Prove (2^(1/2)) + (2^(1/3)) is irrational

This is what I have

2^(1/2) + 2^(1/3) = r with r being a rational number

2^(1/2) = r - 2^(1/3) then square both sides

2 = r^(2) - 2r(2)^(1/2) + 4^(1/3)

2r(2)^(1/2) = r^(2) + 4^(1/3) -2

2^(1/2) = [r^2 + 4^1/3 -2 ]/2r.

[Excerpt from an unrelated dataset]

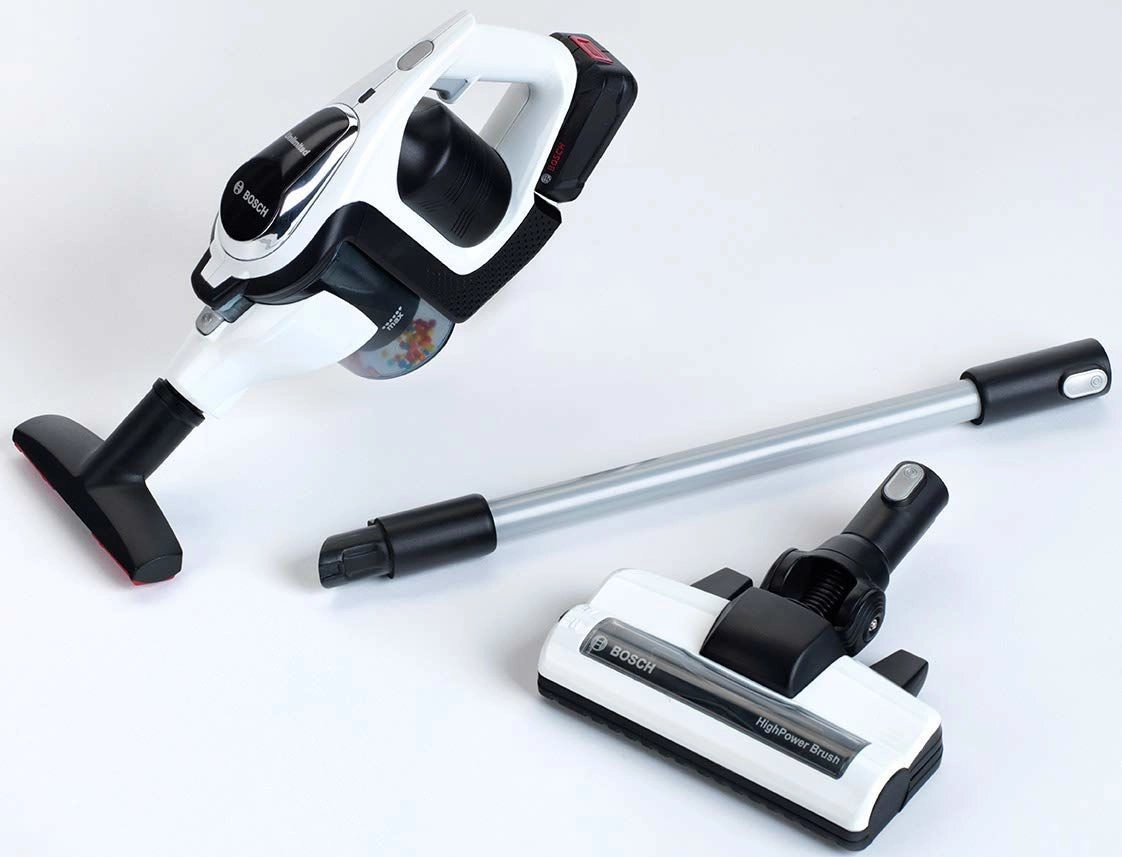 Автентичната детска прахосмукачка BOSCH Unlimited в бяло‑черно изпълнение със сребърна тръба достоверно наподобява истински уред. Благодарение на LED осветлението и въртящите се топчета в прозрачния контейнер изглежда много реалистично при „прахосмукиране“, като остава напълно безопасна за игра.

Here is my problem, how can I make the RHS rational?

Re: Prove (2^(1/2)) + (2^(1/3)) is irrational

Hey dave52.

Square both sides and show that 4^(1/3) is irrational and since r^2 - 2 is also rational and irrational + rational = rational, then you are done.

Re: Prove (2^(1/2)) + (2^(1/3)) is irrational

Quote:

Originally Posted by

**dave52** This is what I have

2^(1/2) + 2^(1/3) = r with r being a rational number

2^(1/2) = r - 2^(1/3) then square both sides

2 = r^(2) - 2r(2)^(1/2) + 4^(1/3)

2r(2)^(1/2) = r^(2) + 4^(1/3) -2

2^(1/2) = [r^2 + 4^1/3 -2 ]/2r. Here is my problem, how can I make the RHS rational?

You have a typo in the third line. You want

2 = r^(2) - 2r(2)^**(1/3)** + 4^(1/3)

I would suggest however that you put the $\displaystyle 2^{\frac13}$ on the left-hand side and cube it:

$\displaystyle 2^{\frac13}=r-2^{\frac12}$

$\displaystyle 2=r^3+6r-(3r^2+2)\sqrt2$

Now it’s easy to see the required contradiction that $\displaystyle \sqrt2$ is rational.